==== Supplied data ====
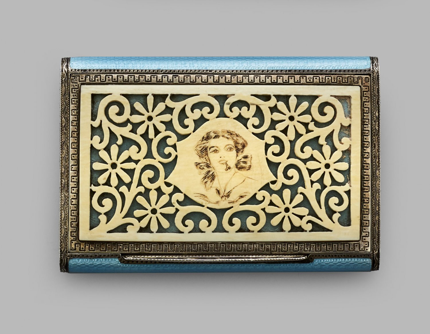 Zigarettenetui Silber und Elfenbein, teilw. emailliert. Rechteckiger Korpus mit gerundeten Längskanten. Flacher Deckel mit schmaler Daumenrast. Flächendeckend wellenförmig guillochiert und eisblau emailliert. Die Ränder mit fein ziselierter Silbermontierung. Auf dem Deckel, über emailliertem Grund und von einem silbernen und ziselierten Mäanderband gefasst, ein durchbrochen gearbeitetes Elfenbeinornament aus stilisierten Blüten und Voluten. Auf einer zentralen Kartusche das gravierte Porträt einer Frau mit Kirschen im Mund. Innen vergoldet. Gest. Beschaumarke, undeutl. Herstellerzeichen. Minim. altersbedingte Gebrauchsspuren. Gew. ca. 190 g. 9 cm x 6 cm.
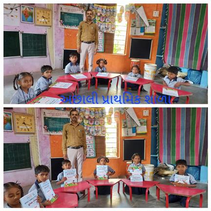 Distribution of Balvatika Books to Achhali Primary School, Achhali. Total 6 Books were distributed to kids
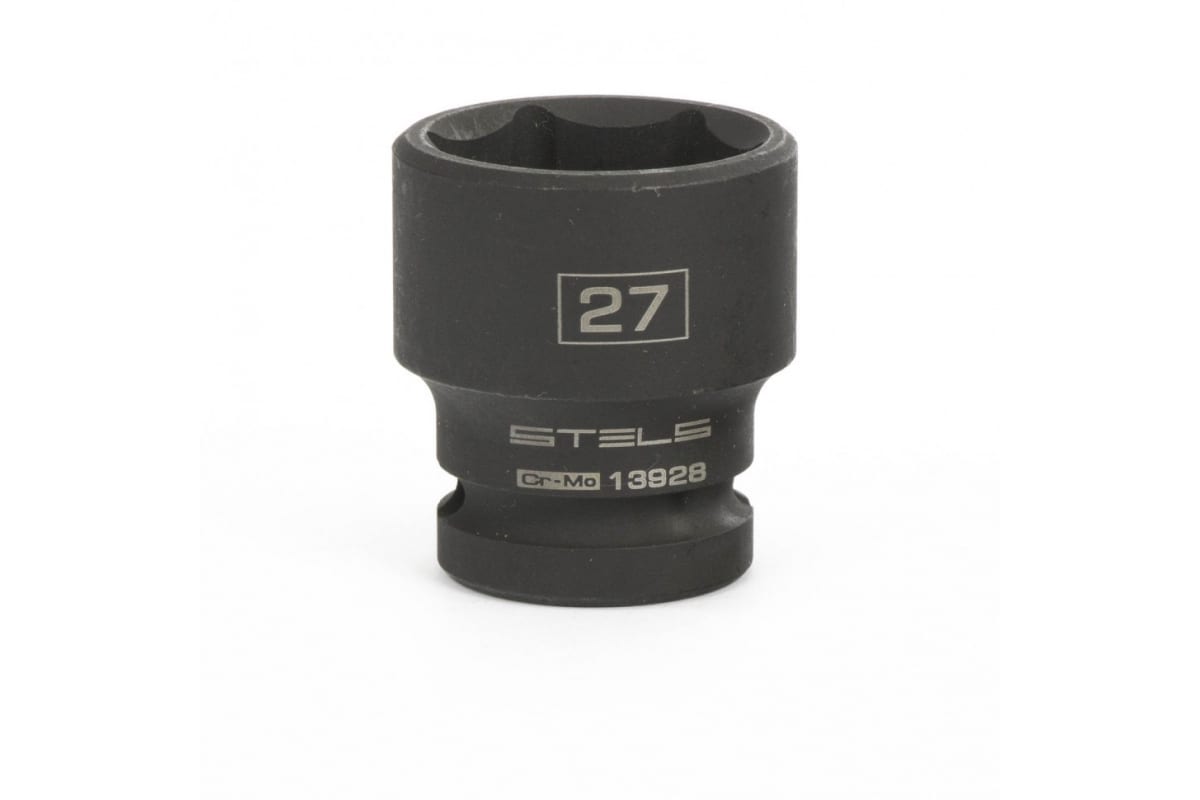 Ударная шестигранная головка Stels 13928 размером 27 мм, из стали CrMo, с присоединительным квадратом 1/2 дюйма, — сменная насадка для электрических и пневматических гайковертов.
====
> **Exercise aim**
For this copy, leave pictures out and reproduce the lines from the one bearing "Distribution of Balvatika" through the final line of the listing above, both ends included.

> **Answer**
 Distribution of Balvatika Books to Achhali Primary School, Achhali. Total 6 Books were distributed to kids
 Ударная шестигранная головка Stels 13928 размером 27 мм, из стали CrMo, с присоединительным квадратом 1/2 дюйма, — сменная насадка для электрических и пневматических гайковертов.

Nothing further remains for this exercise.